Requirement
Print exactly the lines below between the line containing "Cet interrupteur et" and the line containing "Pojedinosti: Seastar Papuče", counting both of those lines. Leave pictures out.

[[ Data for this exercise, beginning ]]

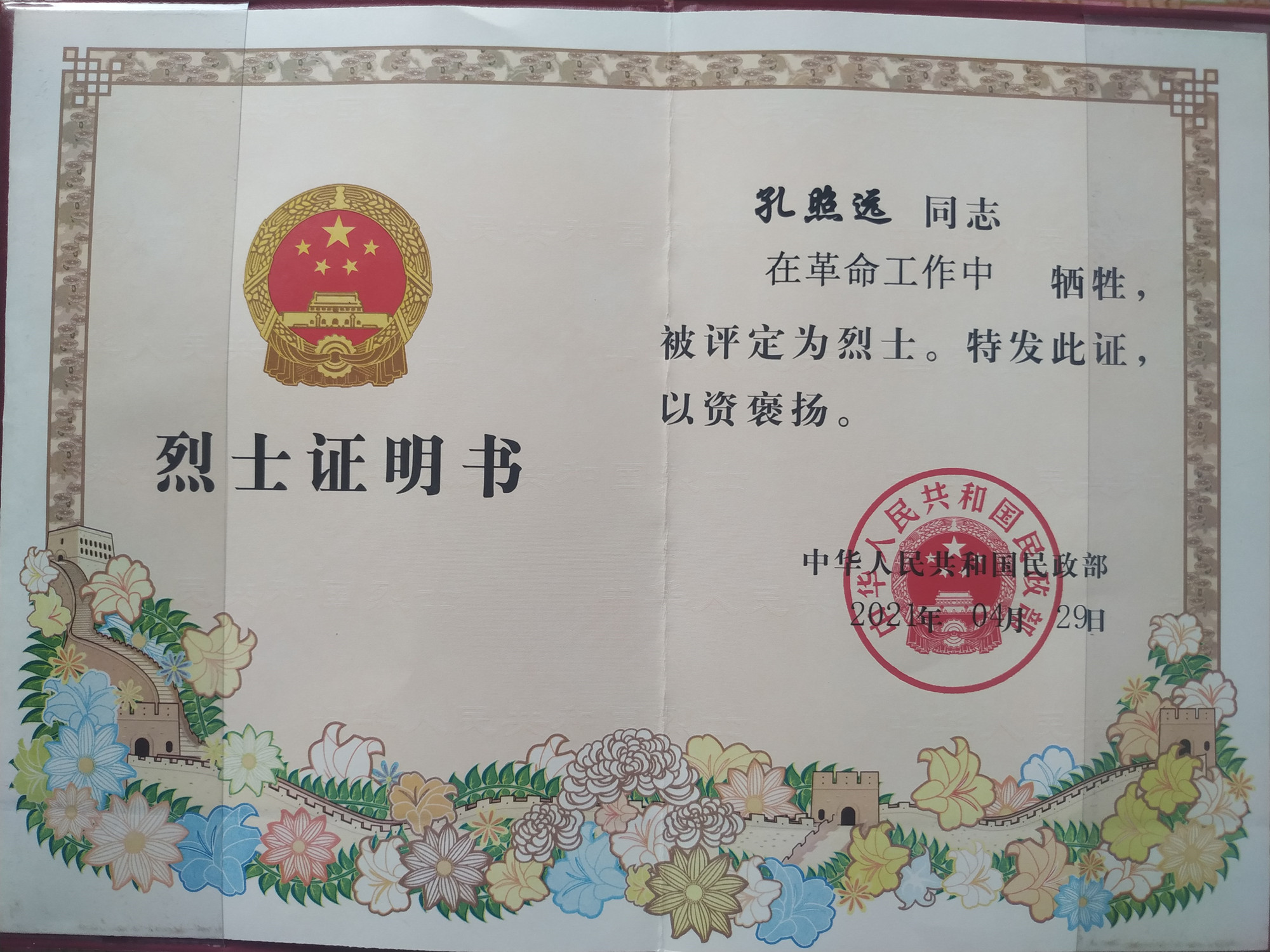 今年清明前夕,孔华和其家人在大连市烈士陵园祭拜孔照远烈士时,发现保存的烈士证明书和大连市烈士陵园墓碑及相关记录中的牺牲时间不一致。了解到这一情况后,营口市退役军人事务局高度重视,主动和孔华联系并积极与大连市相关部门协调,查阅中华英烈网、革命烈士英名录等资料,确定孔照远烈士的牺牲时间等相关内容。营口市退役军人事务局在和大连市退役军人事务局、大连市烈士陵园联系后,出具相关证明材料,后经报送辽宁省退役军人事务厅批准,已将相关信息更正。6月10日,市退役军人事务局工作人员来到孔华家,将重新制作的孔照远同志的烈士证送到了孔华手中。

[[ Data for this exercise, end ]]
[[ Data for this exercise, beginning ]]

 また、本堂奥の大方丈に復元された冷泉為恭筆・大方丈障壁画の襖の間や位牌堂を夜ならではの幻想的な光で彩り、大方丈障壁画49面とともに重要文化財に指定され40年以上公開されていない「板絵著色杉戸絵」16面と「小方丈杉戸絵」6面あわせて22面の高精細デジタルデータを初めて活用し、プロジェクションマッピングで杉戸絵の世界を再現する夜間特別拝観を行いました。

[[ Data for this exercise, end ]]
[[ Data for this exercise, beginning ]]

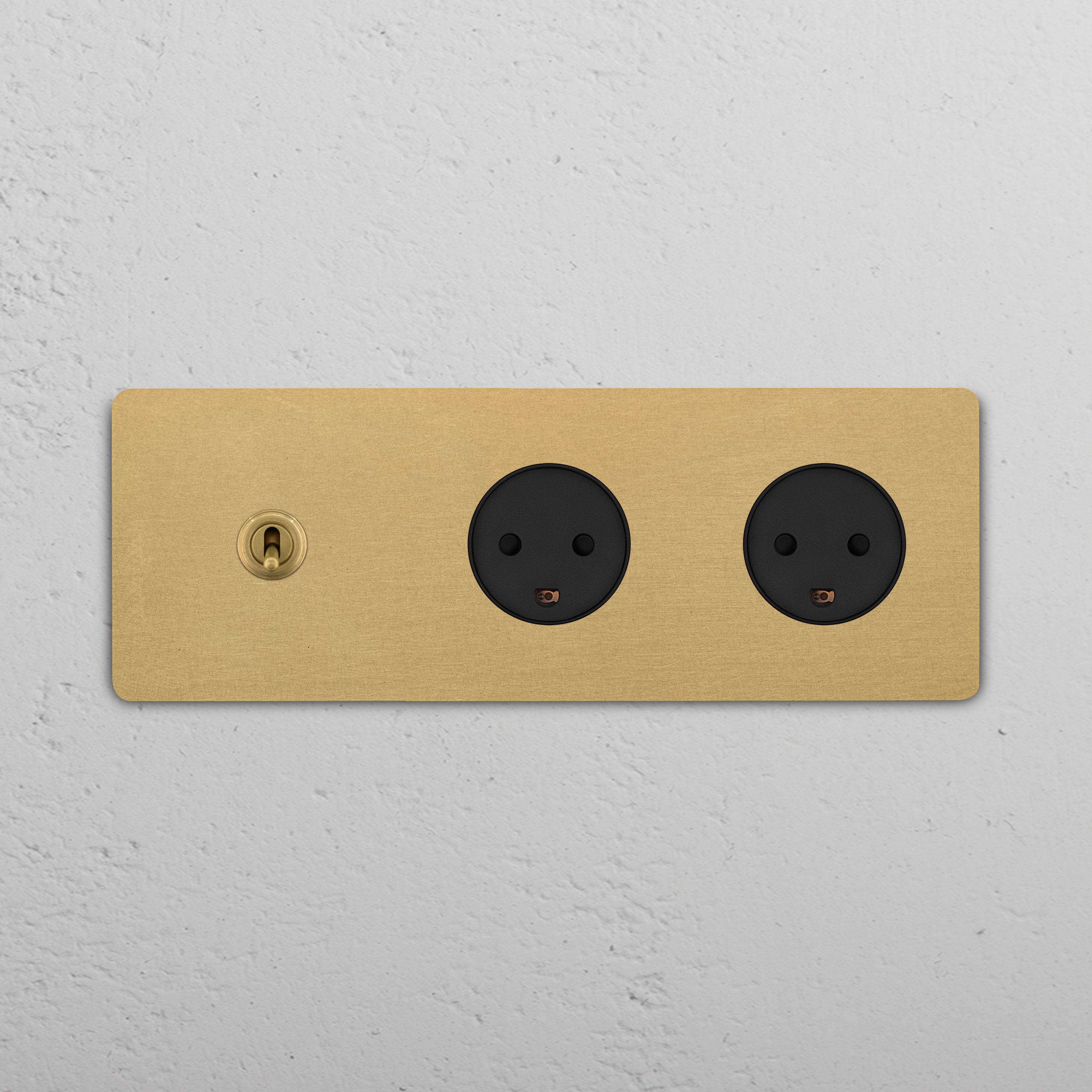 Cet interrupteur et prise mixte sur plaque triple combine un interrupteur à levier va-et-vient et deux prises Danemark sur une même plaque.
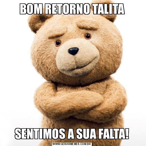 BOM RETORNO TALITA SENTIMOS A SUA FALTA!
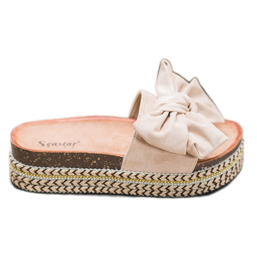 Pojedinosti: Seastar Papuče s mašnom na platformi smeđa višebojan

[[ Data for this exercise, end ]]

Task response
 Cet interrupteur et prise mixte sur plaque triple combine un interrupteur à levier va-et-vient et deux prises Danemark sur une même plaque.
 BOM RETORNO TALITA SENTIMOS A SUA FALTA!
 Pojedinosti: Seastar Papuče s mašnom na platformi smeđa višebojan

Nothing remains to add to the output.